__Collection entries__
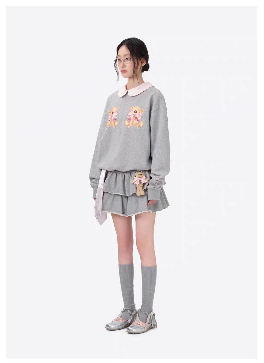 13DE MARZO | 2510 RONRON Bear Ruffle Skort Grey
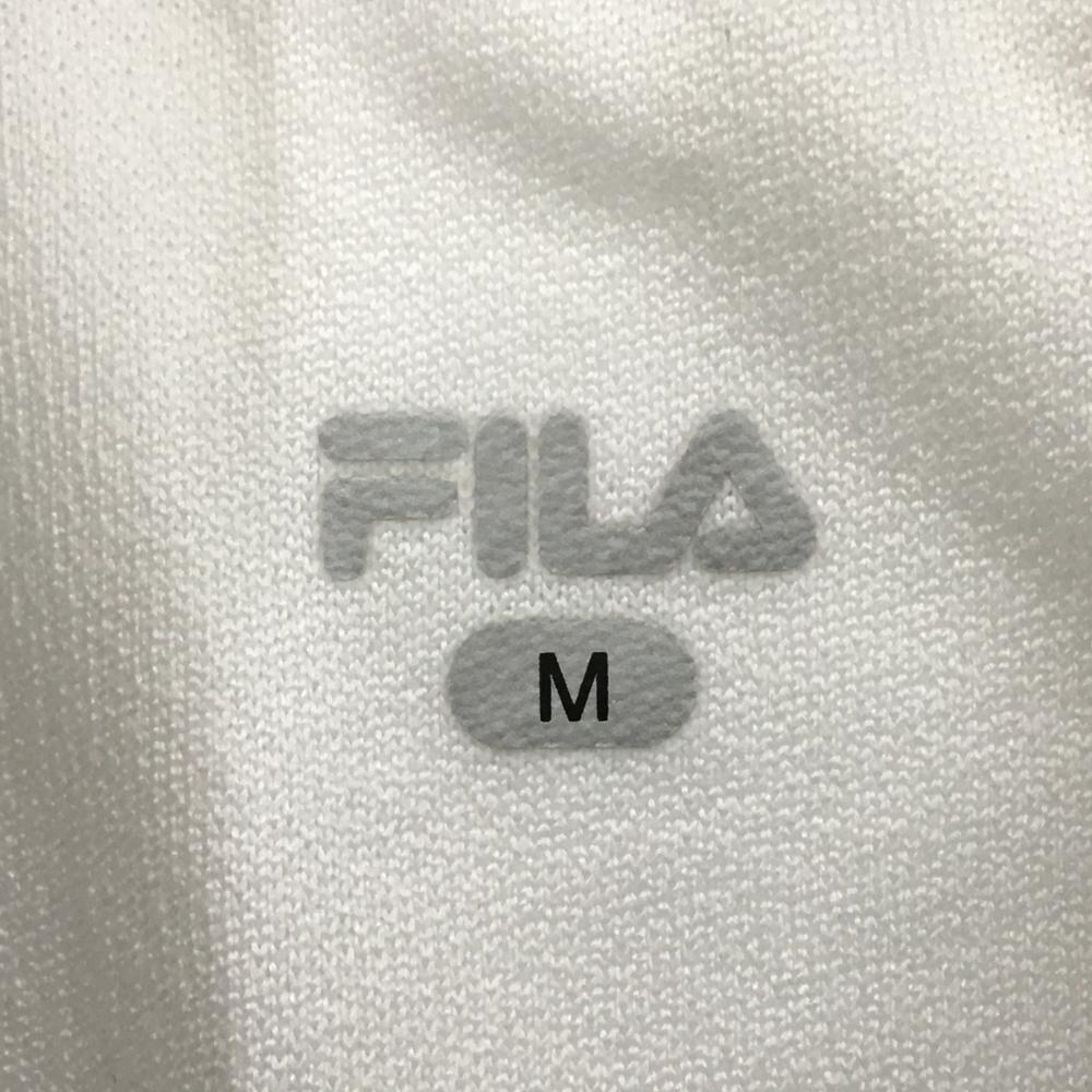 【美品】フィラゴルフ 半袖ポロシャツ 白 袖プリーツ ワッペン レディース M ゴルフウェア FILA GOLF
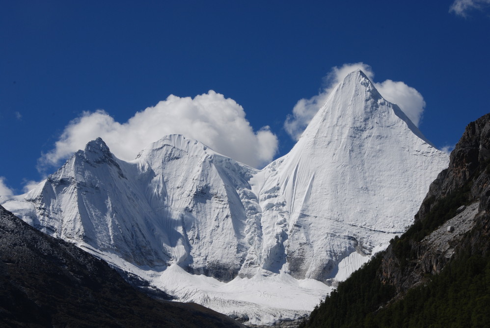 从奔子栏出发前行10公里进入白茫雪山,广袤的白茫雪山是金沙江 与澜沧江 的分水岭,从金沙江 河浴到山顶,相对落差是3000米,气候从热带河谷过度到永久性冰雪带,山坡上有树形优美的云杉林,每年5-6月,这一带30公里犹如花海,一边雪山,一边杜鹃,红白相映,十分壮观,从雪山垭口一路下行,抵达214国道咽喉,茶马古道重镇—德钦 ,再行20来分钟,就来到了梅里雪山 的观景台飞来寺。驱车从飞来寺出发,经过澜沧江 大桥,一个小时左右将到达明永村。从明永村开始徒步地球上维度最低,海拔最低的冰川——明永冰川。徒步来回五个小时。可以骑马(费用自理),回飞来寺住宿
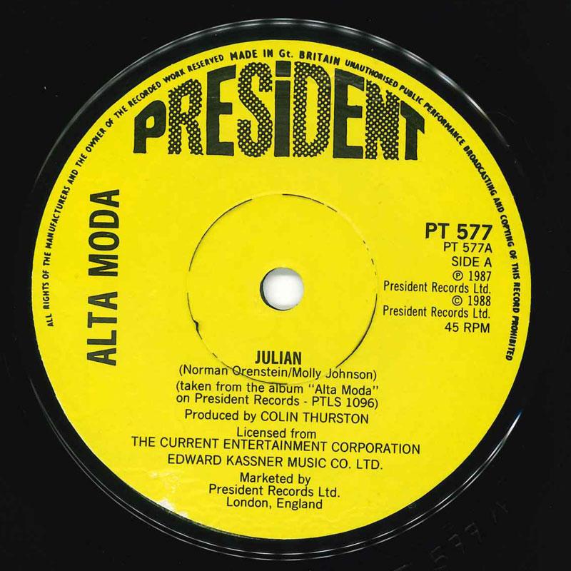 7inch Record ALTA MODA - Julian PT577 President 1987 UK Dance & Electronica Used
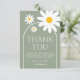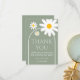 This charming baby shower thank-you card features hand-drawn daisies on a sage green arch background, paired with stylish typography. Perfect for a baby shower of either a boy or girl. Original Drawing © Michele Davies.
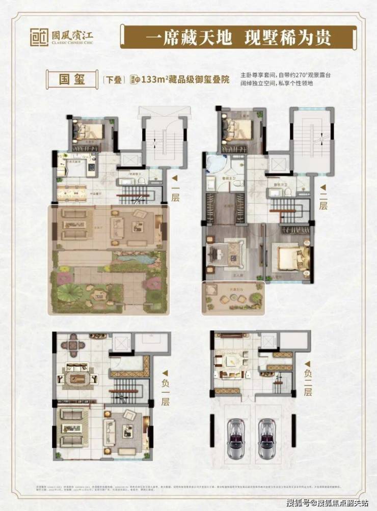 项目主力产品为建面约133–143㎡中心江岸联排院墅,采用罕见双叠设计,摒弃常规三叠、四叠的拥挤布局,确保每户拥有独立入户门厅与私家电梯井。上叠有天、下叠有院,实现“有天有地”的墅居理想;内部空间最高实用率达276%,可灵活拓展家庭影院、酒窖、茶室等功能区。南庭北院、墅级双会客厅、全景落地窗等设计,将东平河景引入室内,重新定义了“城芯院墅”的空间尺度与生活仪式感,在广佛改善市场中树立了真正的豪宅新标杆。
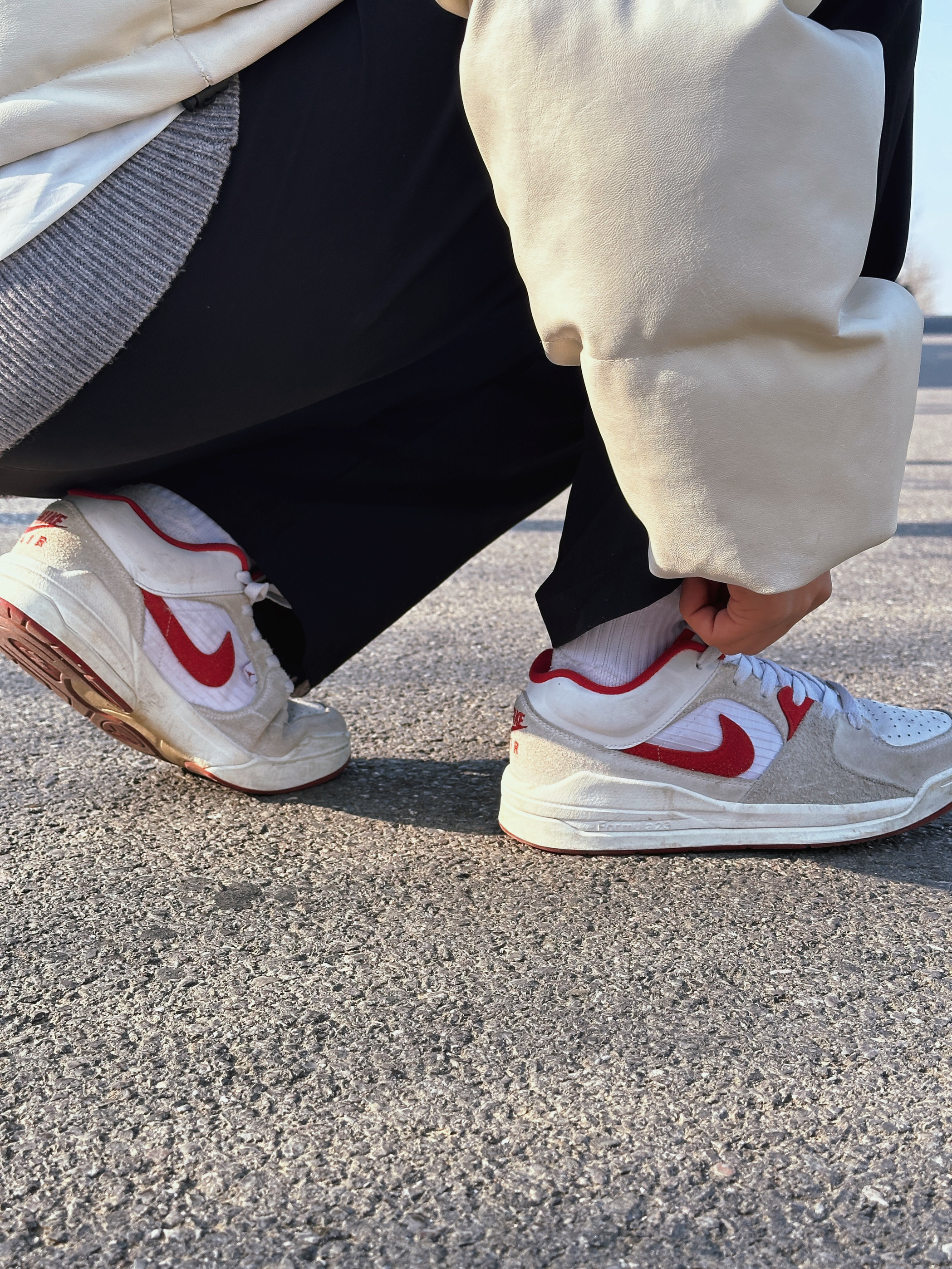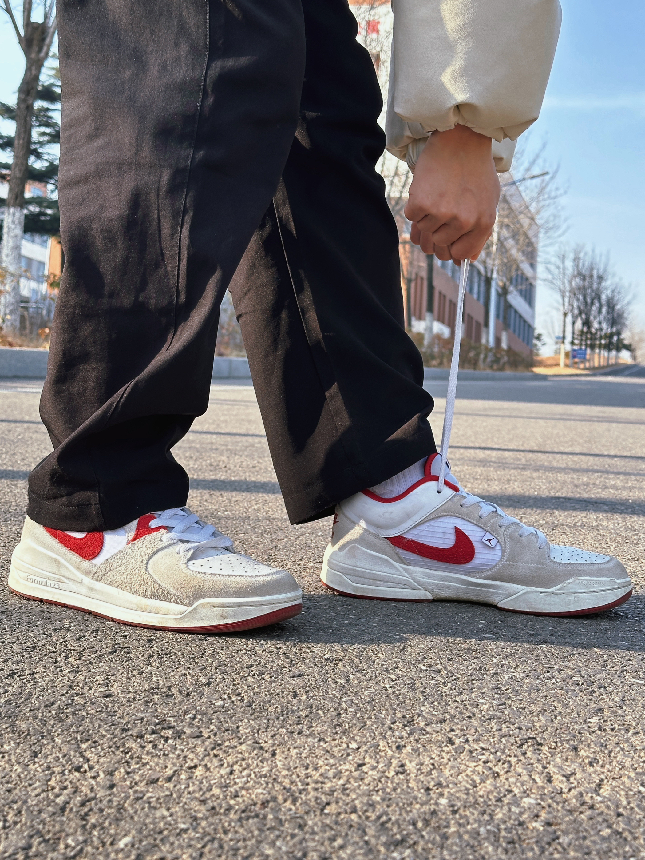 入手这双板鞋挺长时间了,非常喜欢这个板型设计和配色😎 可以说是aj1和aj5相互配合的鞋子,将两双鞋子的优点都放到这里了! 鞋身大部分都是翻毛设计 还有白红色搭配,休闲时尚风格很到位🫡质感拉满 鞋底还有缓震耐磨科技! 平常走路多穿它都没有问题 耐看耐穿还百搭,总结来说就是很值的一次购物🛒🛍️

__HOW TO COMPLETE THIS TASK__
Every line above should be duplicated exactly; the pictures are to be left out.

__FINISHED TASK__
 13DE MARZO | 2510 RONRON Bear Ruffle Skort Grey
 【美品】フィラゴルフ 半袖ポロシャツ 白 袖プリーツ ワッペン レディース M ゴルフウェア FILA GOLF
 从奔子栏出发前行10公里进入白茫雪山,广袤的白茫雪山是金沙江 与澜沧江 的分水岭,从金沙江 河浴到山顶,相对落差是3000米,气候从热带河谷过度到永久性冰雪带,山坡上有树形优美的云杉林,每年5-6月,这一带30公里犹如花海,一边雪山,一边杜鹃,红白相映,十分壮观,从雪山垭口一路下行,抵达214国道咽喉,茶马古道重镇—德钦 ,再行20来分钟,就来到了梅里雪山 的观景台飞来寺。驱车从飞来寺出发,经过澜沧江 大桥,一个小时左右将到达明永村。从明永村开始徒步地球上维度最低,海拔最低的冰川——明永冰川。徒步来回五个小时。可以骑马(费用自理),回飞来寺住宿
 7inch Record ALTA MODA - Julian PT577 President 1987 UK Dance & Electronica Used
 This charming baby shower thank-you card features hand-drawn daisies on a sage green arch background, paired with stylish typography. Perfect for a baby shower of either a boy or girl. Original Drawing © Michele Davies.
 项目主力产品为建面约133–143㎡中心江岸联排院墅,采用罕见双叠设计,摒弃常规三叠、四叠的拥挤布局,确保每户拥有独立入户门厅与私家电梯井。上叠有天、下叠有院,实现“有天有地”的墅居理想;内部空间最高实用率达276%,可灵活拓展家庭影院、酒窖、茶室等功能区。南庭北院、墅级双会客厅、全景落地窗等设计,将东平河景引入室内,重新定义了“城芯院墅”的空间尺度与生活仪式感,在广佛改善市场中树立了真正的豪宅新标杆。
 入手这双板鞋挺长时间了,非常喜欢这个板型设计和配色😎 可以说是aj1和aj5相互配合的鞋子,将两双鞋子的优点都放到这里了! 鞋身大部分都是翻毛设计 还有白红色搭配,休闲时尚风格很到位🫡质感拉满 鞋底还有缓震耐磨科技! 平常走路多穿它都没有问题 耐看耐穿还百搭,总结来说就是很值的一次购物🛒🛍️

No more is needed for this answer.